* **EXERCISE PROMPT**
Go line by line through the records and tally those that include "which". Respond with the tally only.

* **INPUT DATA**
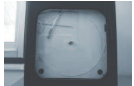
Chart recorder for pressure test
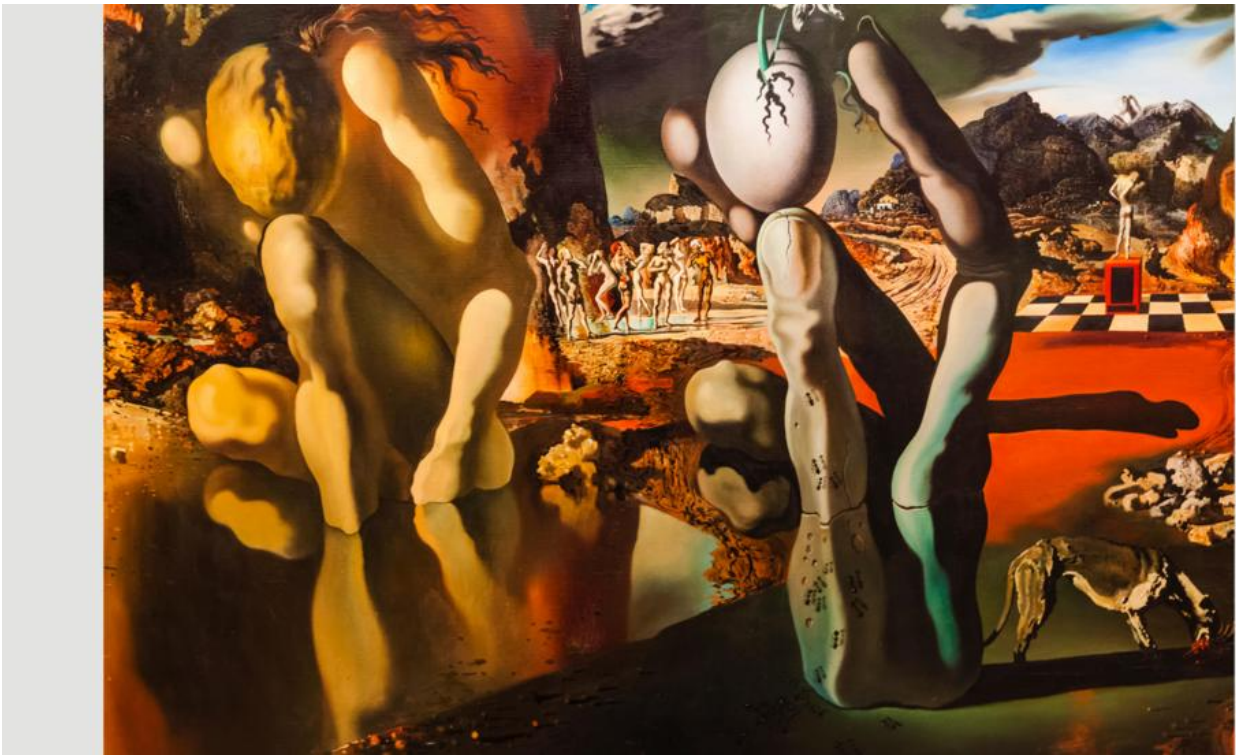
Cath Pound - BBC Culture
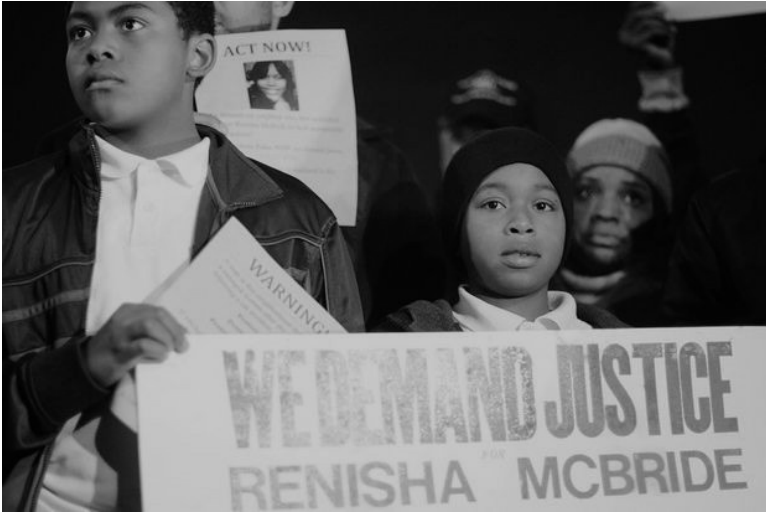
Figure 6: "Youth demand justice in the shooting death of an African American girl in Dearborn Heights during the early morning hours of November 2, 2013." 7 November 2013.

To attend to these problems, we argue for a move that is, in some ways, a return to classic Birmingham School cultural studies from which Hall was a key founder, and, in other ways, a divergence from this school. Like Western Marxism more generally, cultural studies, as its name so clearly indicates, turned to culture as a realm of struggle both semi-autonomous from and tightly articulated to the economic and political structures that shape everyday life under capitalism. Their method was also Marxist in nature, consisting in the continuous dialectical untangling of reification and utopia, domination and resistance, the people and the power bloc, in the proliferating products of the culture industry. A change since then is the relationship between the culture industries and political power. If, in the later twentieth century, we could assume a close and complex articulation between political power and cultural hegemony, which it is our job as Americanists and intellectuals to expose, there is now in the twentieth century an increasing divergence between those who hold the reins of state power and those who finance and create global culture.
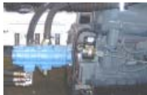
Auxiliary engine package for extremely high rates.
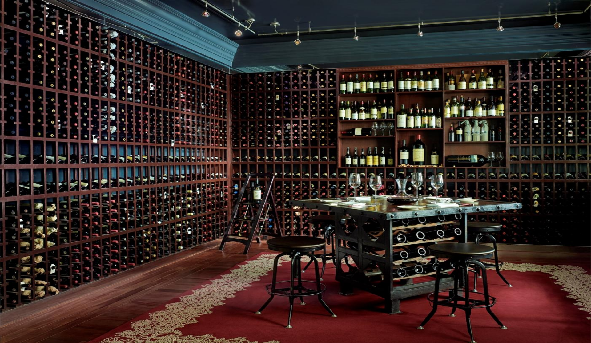
THE ROYCE - RED WINE ROOM
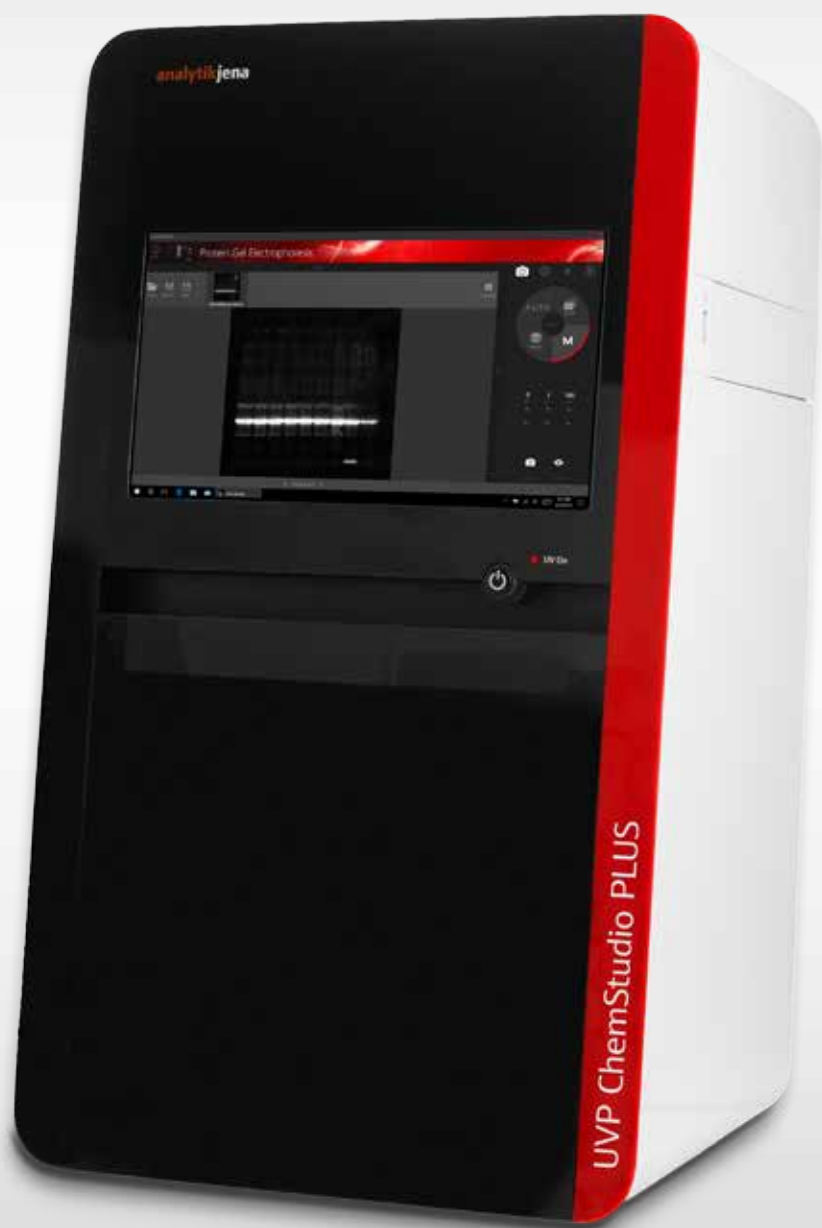
UVP ChemStudio PLUS
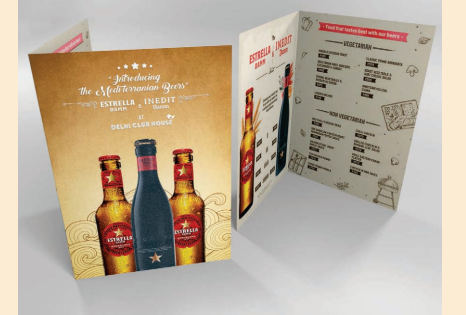
TABLE & TAKE-AWAY MENU CARDS
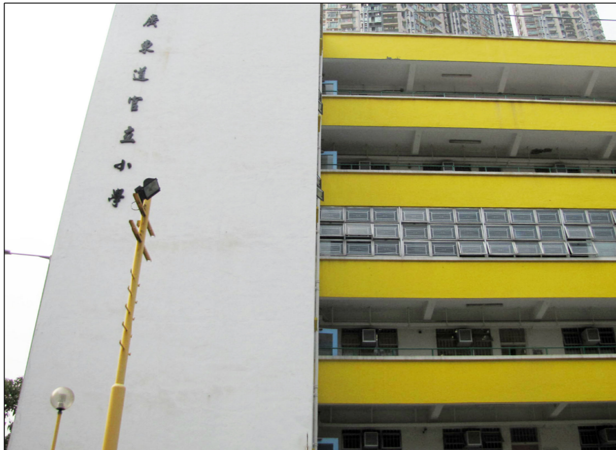
VSR 34 Canton Road Government Primary School
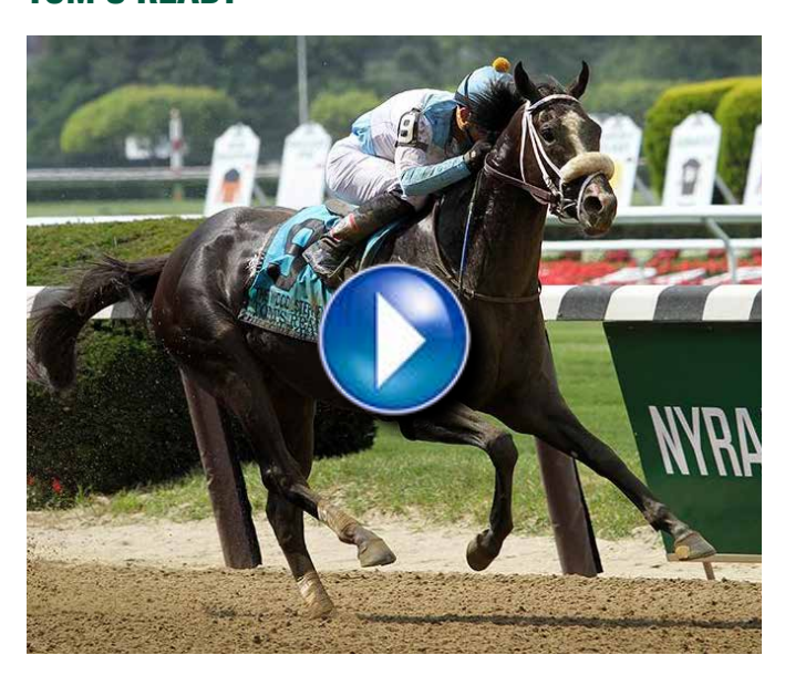
c, 3, More Than Ready - Goodbye Stranger Won - WOODY STEPHENS S-G2, Belmont Park, $500,000, 7F, 3YO, 6-11.
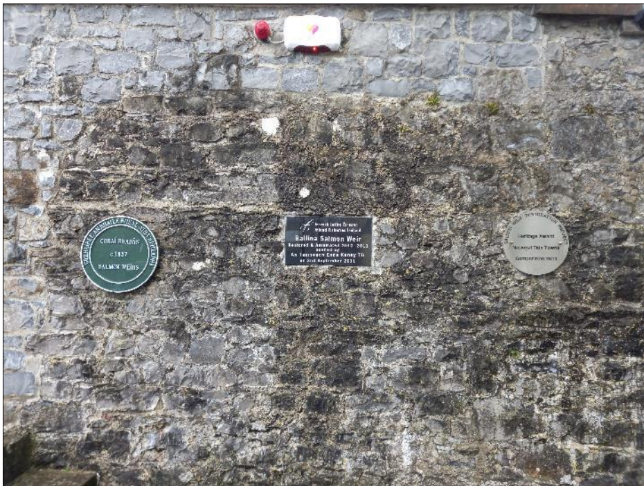
Plate 18-46 External wall elevation to Salmon Weir building, restored 2011
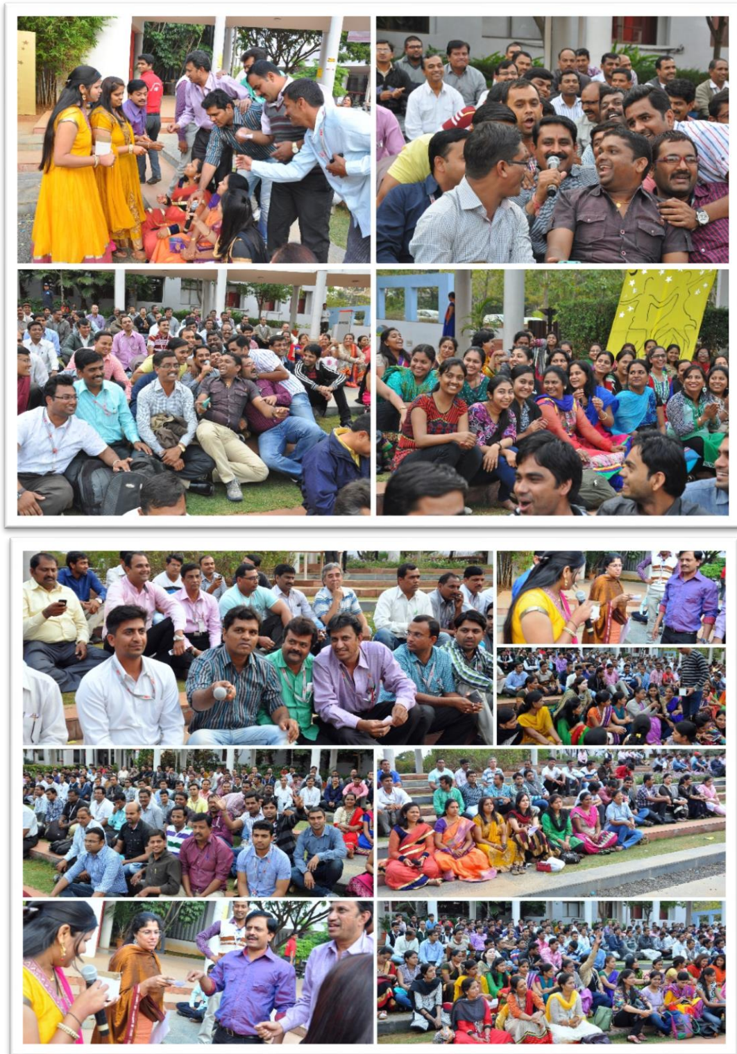
Staff Entertainment Day Celebration
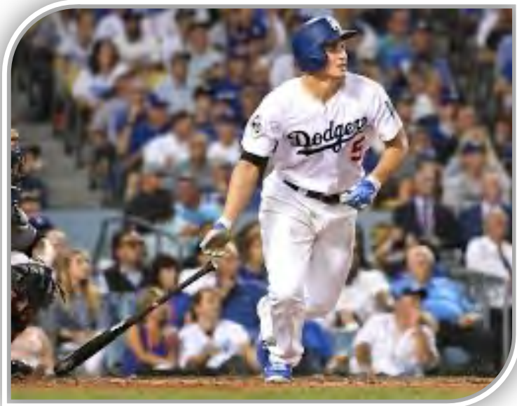
OTTERS SS COREY SEAGER 2024 WORLD SERIES MVP
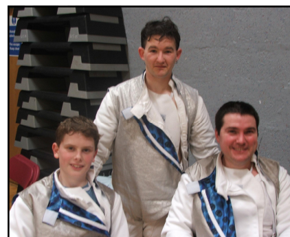
GWENT 'C' Men's Team
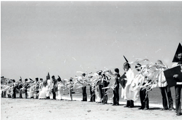
Fig. 3. Students of the Valparaíso School of Architecture and Design during a Phalène in Reñaca, 1972.
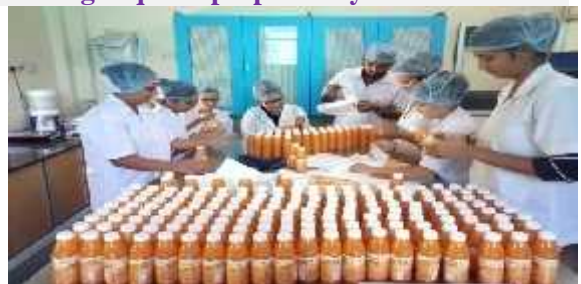
Mango nectar labelling
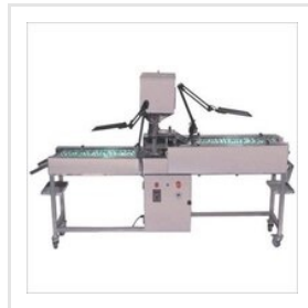
Automatic Tablet Inspection Machine
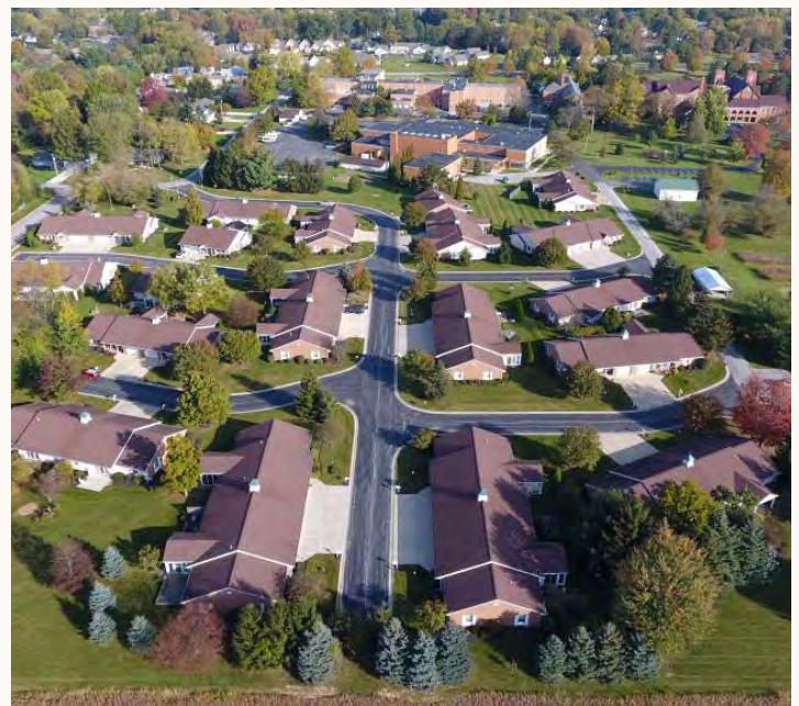
St. Francis Senior Ministries today, extending from bottom to top of photo.
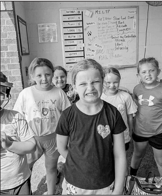
Taking a break from the heat inside the dugout.
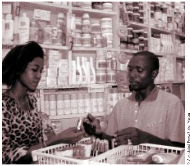
After handing in weapons, ex-combatants used small loans to create innovative small businesses, such as this cosmetics shop in Brazzaville.

The cease-fire, signed in November and December 1999 by the main belligerents, comprised a number of provisions. These included the disarmament and demobilization of militias, their reintegration into the armed forces, Police nationale, and Gendarmerie, and the convocation of a so-called National Dialogue on the constitutional and political future of the country. The CDS was charged with overseeing the implementation of the immediate provisions, notably disarmament and demobilization, and completed its work in late 2000. The National Dialogue, which was held in April 2001, established a timetable for elections.
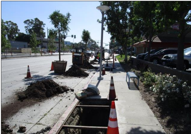
Excavating tree wells west of Avalon.
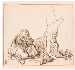
Title: Hagar and Ishmael, copy after Rembrandt's Hagar and Ishmael in the Wilderness Date: 1630s Primary Maker: Rembrandt van Rijn Medium: pen and brown ink over graphite
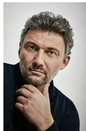
Jonas Kaufmann
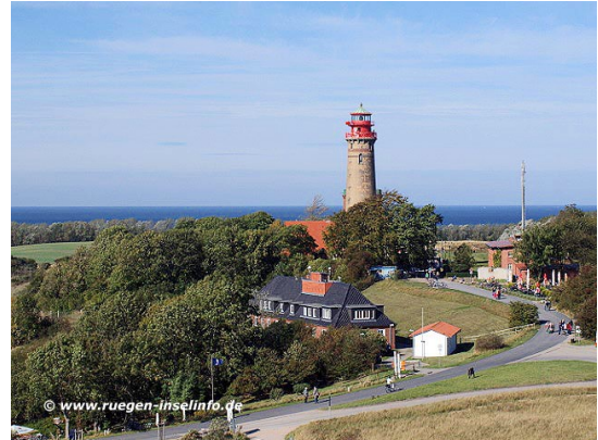
Kap Arkona : l'Allemagne en bord de mer

The national Challenge gives pride of place to places of interest. Among them, several are registered in the UNESCO World Heritage: the Upper Middle Rhine Valley (including Loreley), the rococo church of Wies, the city of Bamberg, the fortress of Wartburg, the Park Wilhelmshöhe near Kassel.
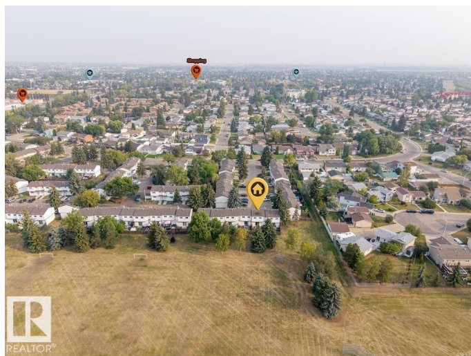
2551 135 Ave NW, Edmonton, AB
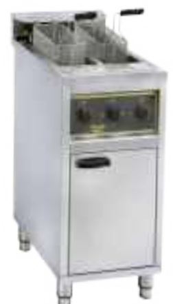
RFE 20 C
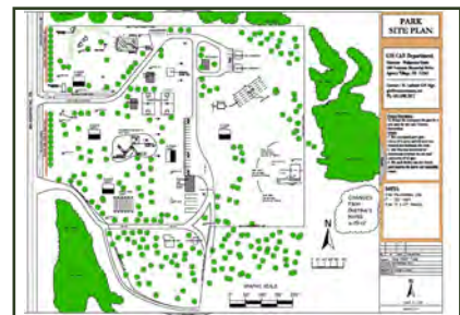
Tekakwitha Property – before, during cleanup and the redevelopment plan
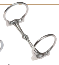
#255730 Stainless steel 5" snaffle mouth, 2-1/2" dee rings $30.60
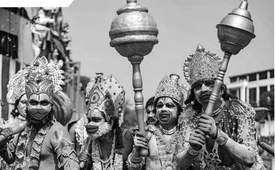
Artistes dressed as Lord Hanuman take part in a procession to mark Hanuman Jayanti, in Bengaluru
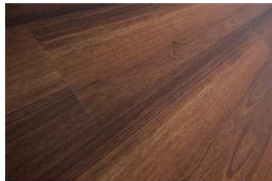
7172 American Walnut
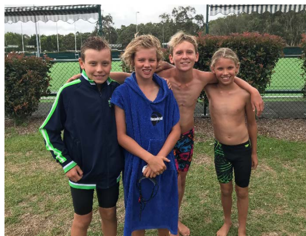
Senior Boys Relay Team

* **RESPONSE BELOW**
2